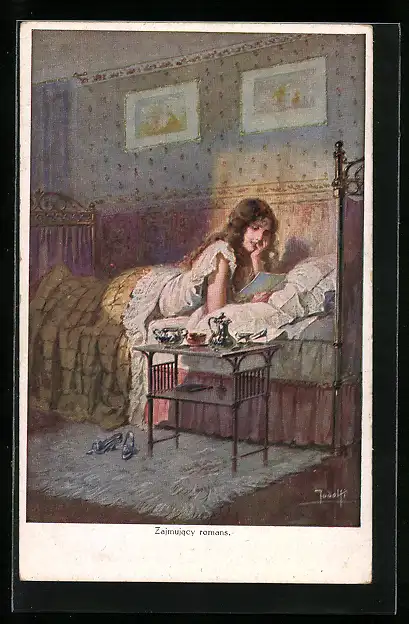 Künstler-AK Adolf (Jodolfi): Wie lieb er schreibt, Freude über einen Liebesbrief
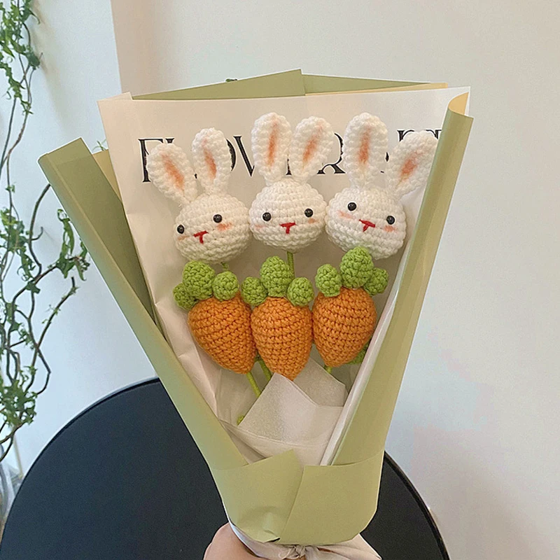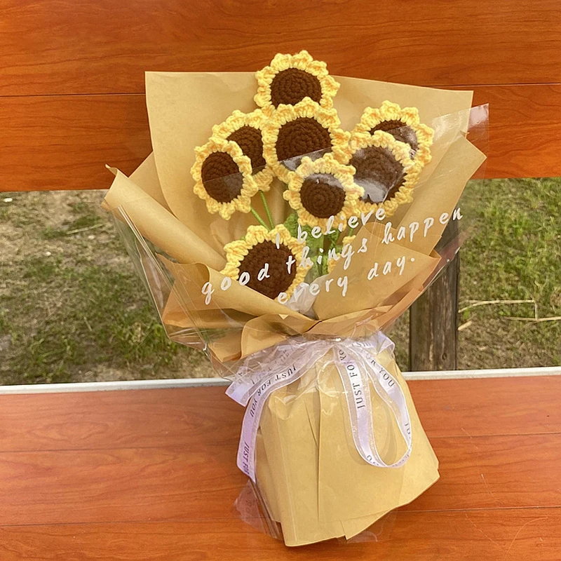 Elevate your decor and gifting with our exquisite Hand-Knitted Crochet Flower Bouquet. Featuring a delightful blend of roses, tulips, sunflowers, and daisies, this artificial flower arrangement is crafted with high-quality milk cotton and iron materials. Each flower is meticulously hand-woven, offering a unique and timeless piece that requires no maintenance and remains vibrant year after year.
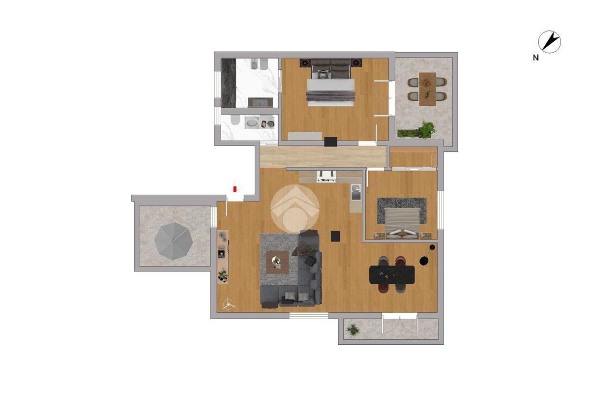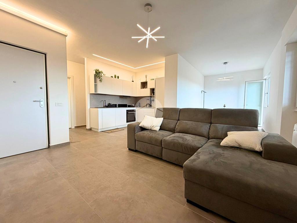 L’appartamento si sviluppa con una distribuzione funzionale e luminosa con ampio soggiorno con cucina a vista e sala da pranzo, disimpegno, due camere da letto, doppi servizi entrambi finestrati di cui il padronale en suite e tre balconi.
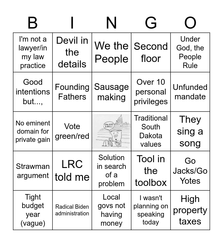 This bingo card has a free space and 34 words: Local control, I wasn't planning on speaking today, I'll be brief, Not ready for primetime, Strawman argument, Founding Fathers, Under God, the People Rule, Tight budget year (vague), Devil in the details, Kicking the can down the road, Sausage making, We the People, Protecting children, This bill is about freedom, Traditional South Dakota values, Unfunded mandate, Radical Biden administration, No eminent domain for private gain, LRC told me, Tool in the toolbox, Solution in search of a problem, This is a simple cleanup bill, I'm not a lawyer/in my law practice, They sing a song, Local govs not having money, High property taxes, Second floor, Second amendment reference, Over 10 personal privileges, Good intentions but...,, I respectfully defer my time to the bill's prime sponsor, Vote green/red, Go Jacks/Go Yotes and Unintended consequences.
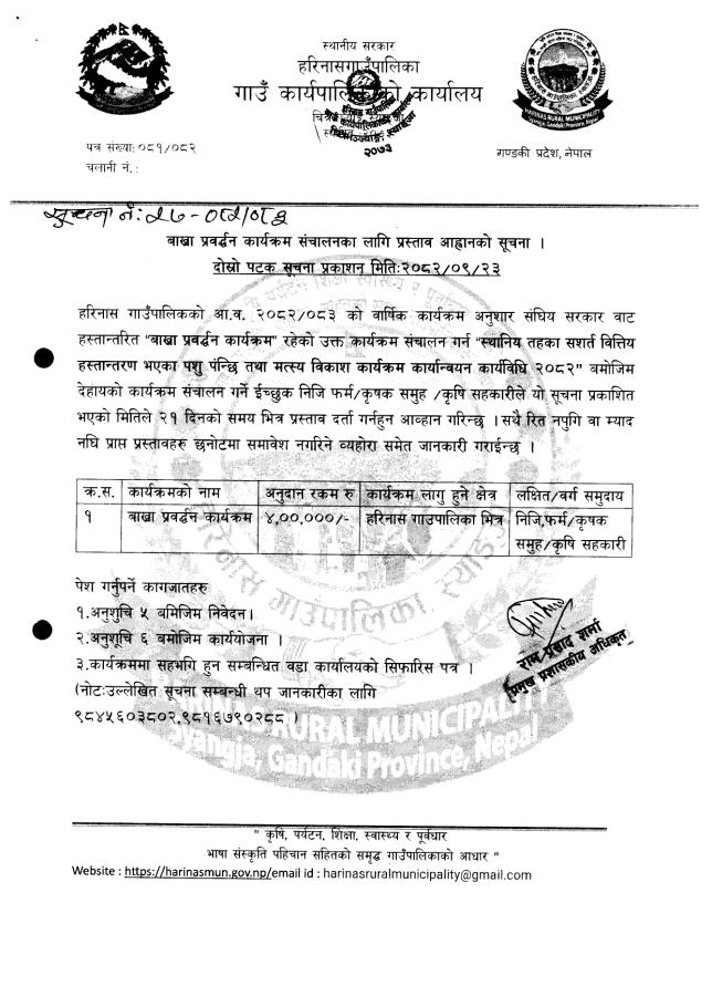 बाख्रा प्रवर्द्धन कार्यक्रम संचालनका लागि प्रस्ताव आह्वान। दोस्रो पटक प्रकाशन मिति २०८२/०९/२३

* * *

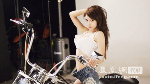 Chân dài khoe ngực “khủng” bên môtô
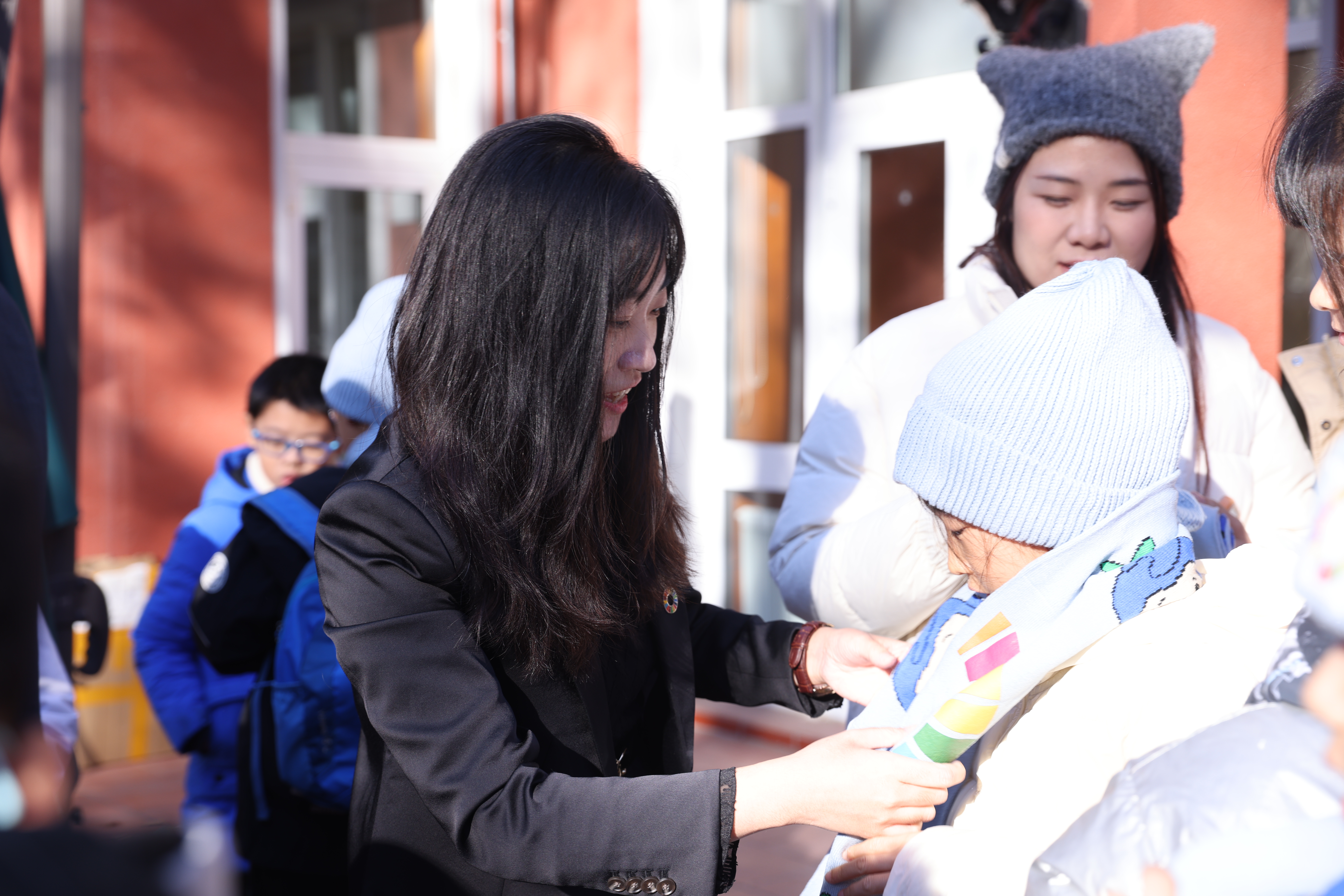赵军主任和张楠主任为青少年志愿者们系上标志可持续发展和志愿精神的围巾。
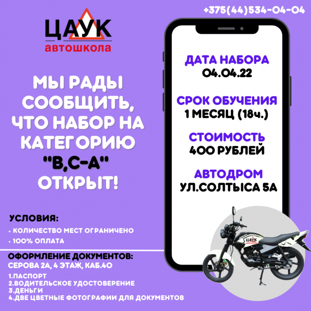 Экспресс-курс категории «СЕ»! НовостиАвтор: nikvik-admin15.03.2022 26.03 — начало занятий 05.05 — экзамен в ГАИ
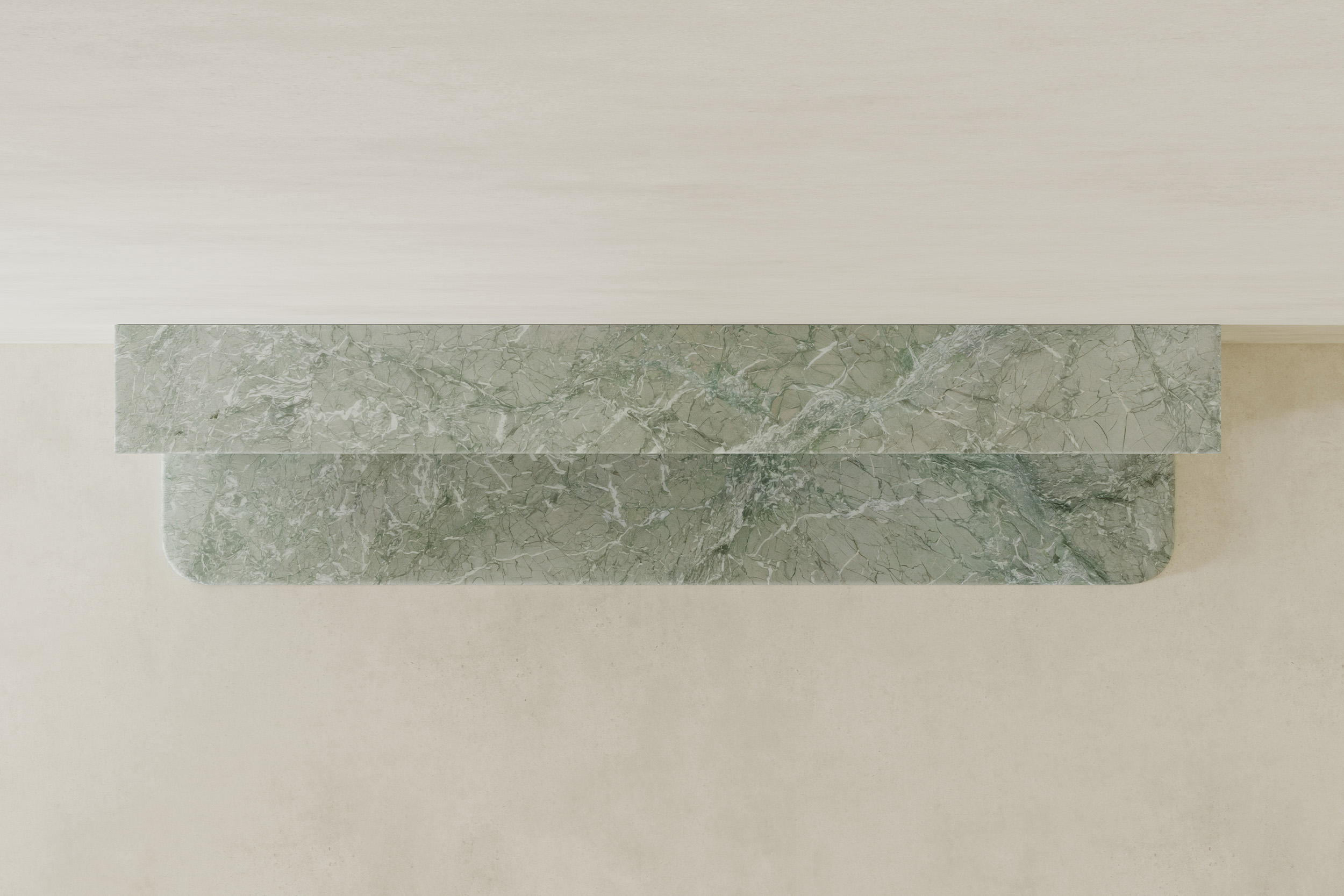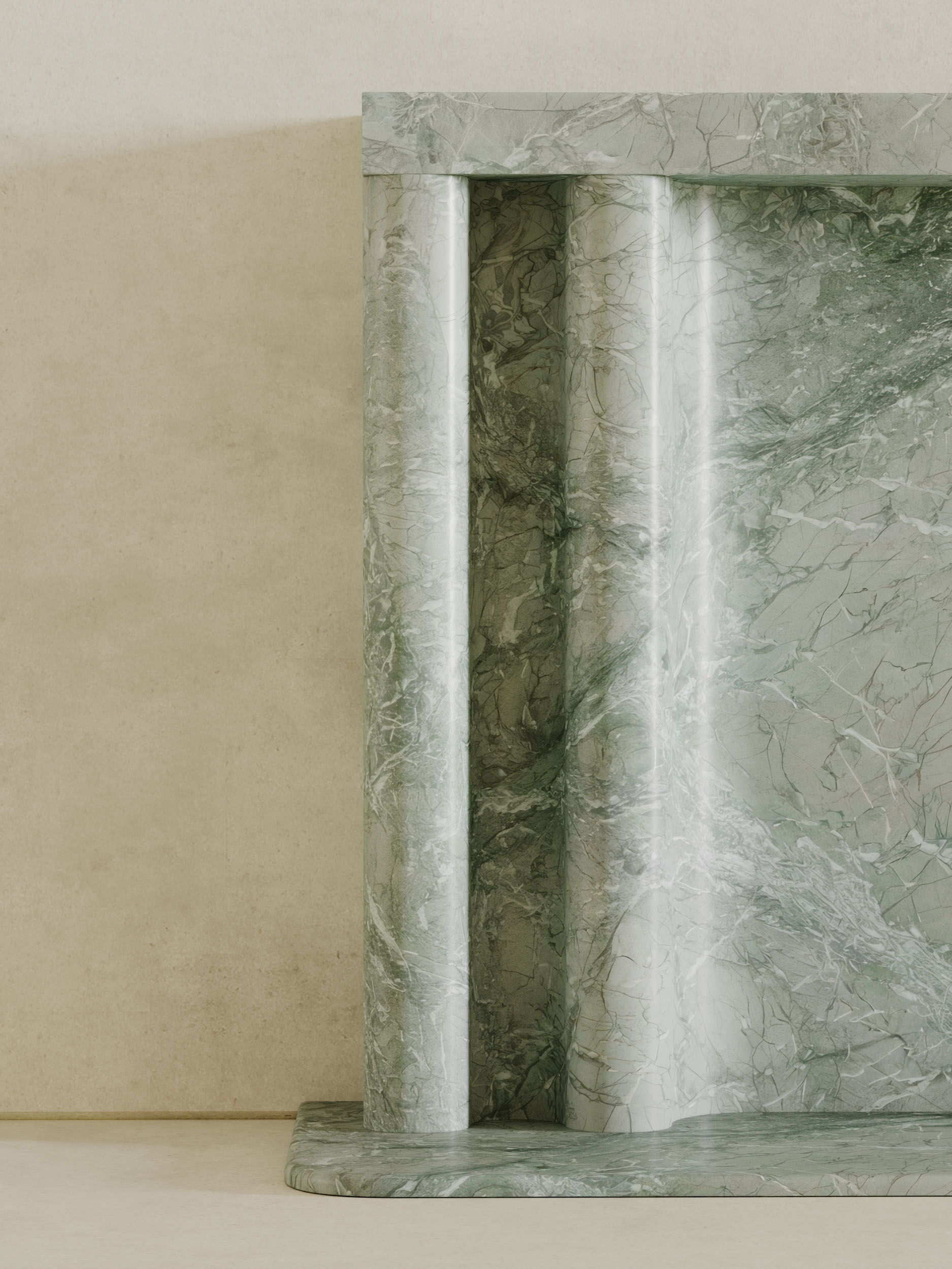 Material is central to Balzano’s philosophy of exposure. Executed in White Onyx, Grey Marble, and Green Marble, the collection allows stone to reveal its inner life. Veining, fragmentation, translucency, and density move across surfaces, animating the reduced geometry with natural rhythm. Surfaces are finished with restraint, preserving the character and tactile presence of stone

---

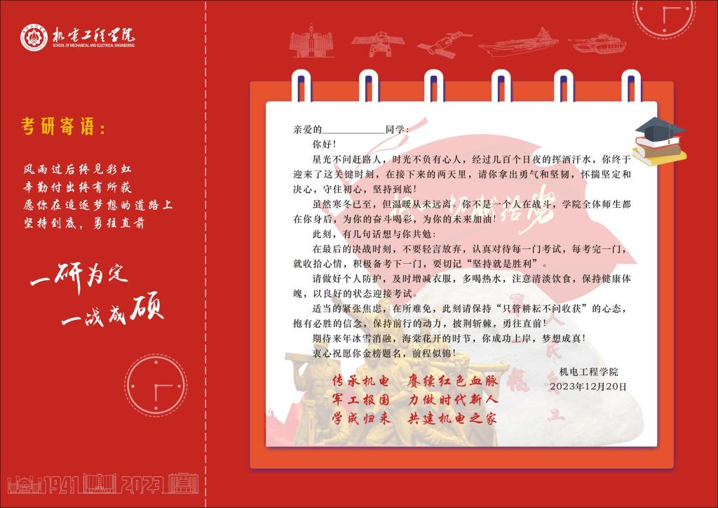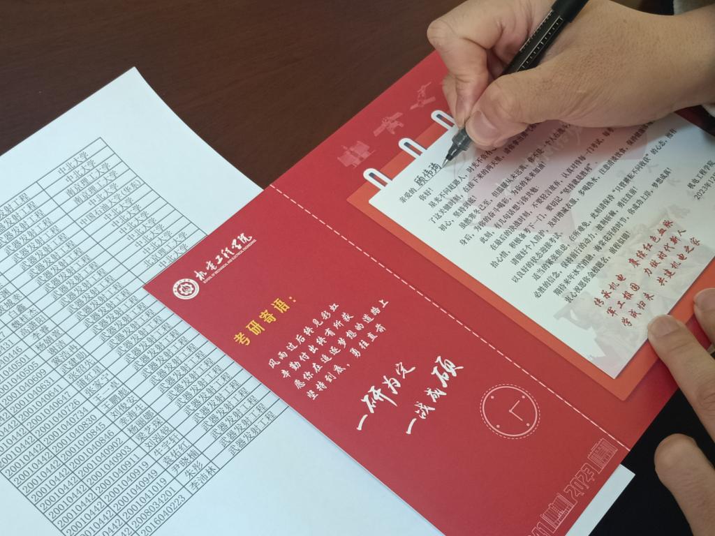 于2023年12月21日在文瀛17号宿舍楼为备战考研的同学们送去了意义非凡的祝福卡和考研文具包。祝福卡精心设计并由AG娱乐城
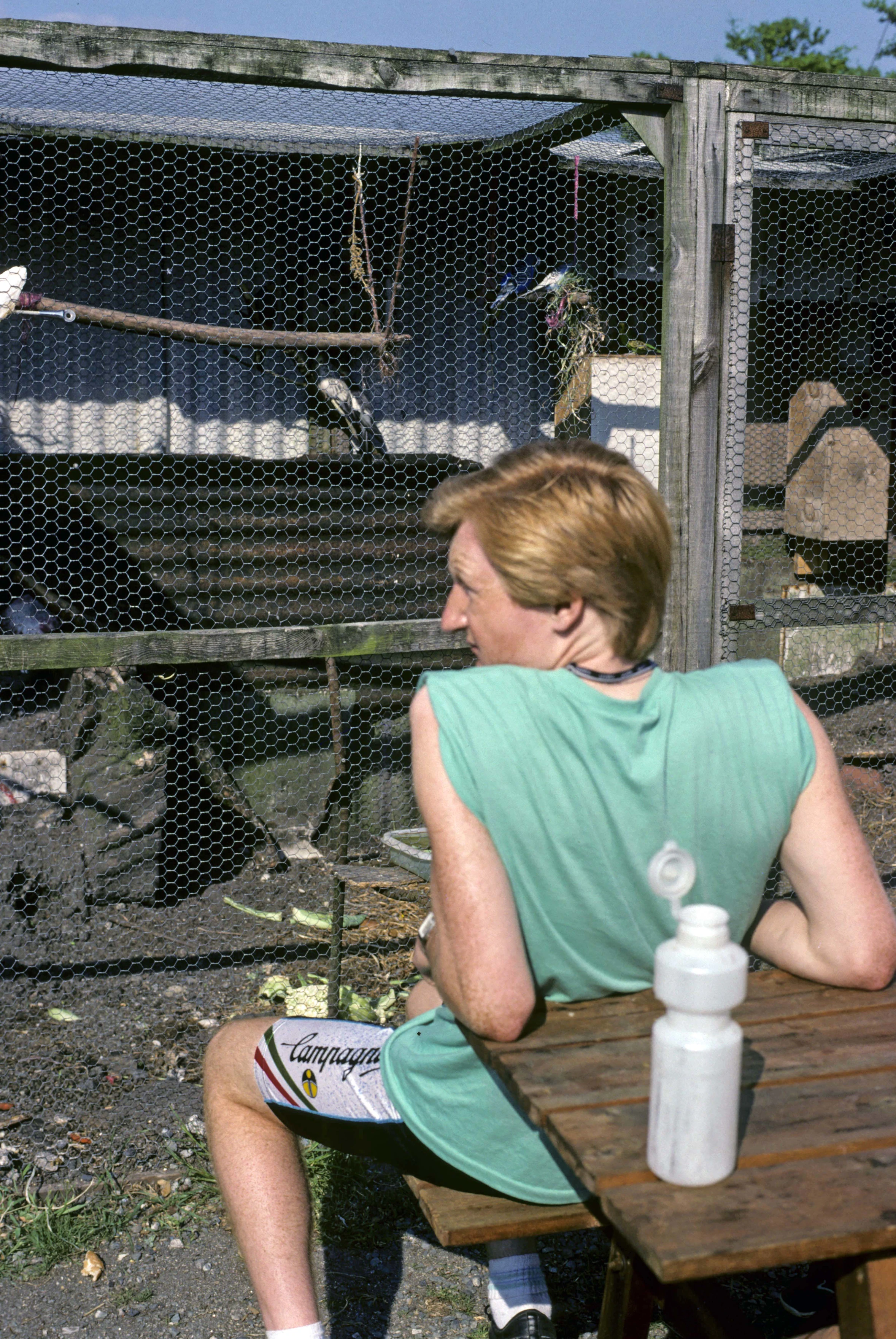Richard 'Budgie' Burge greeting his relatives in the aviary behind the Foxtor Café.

Goal of the exercise. Return word for word the lines of the listing above, starting at the line with "Chân dài khoe" and ending at the line with "Material is central", both included. Pictures do not belong in the copy.

Exercise output.
 Chân dài khoe ngực “khủng” bên môtô
赵军主任和张楠主任为青少年志愿者们系上标志可持续发展和志愿精神的围巾。
 Экспресс-курс категории «СЕ»! НовостиАвтор: nikvik-admin15.03.2022 26.03 — начало занятий 05.05 — экзамен в ГАИ
 Material is central to Balzano’s philosophy of exposure. Executed in White Onyx, Grey Marble, and Green Marble, the collection allows stone to reveal its inner life. Veining, fragmentation, translucency, and density move across surfaces, animating the reduced geometry with natural rhythm. Surfaces are finished with restraint, preserving the character and tactile presence of stone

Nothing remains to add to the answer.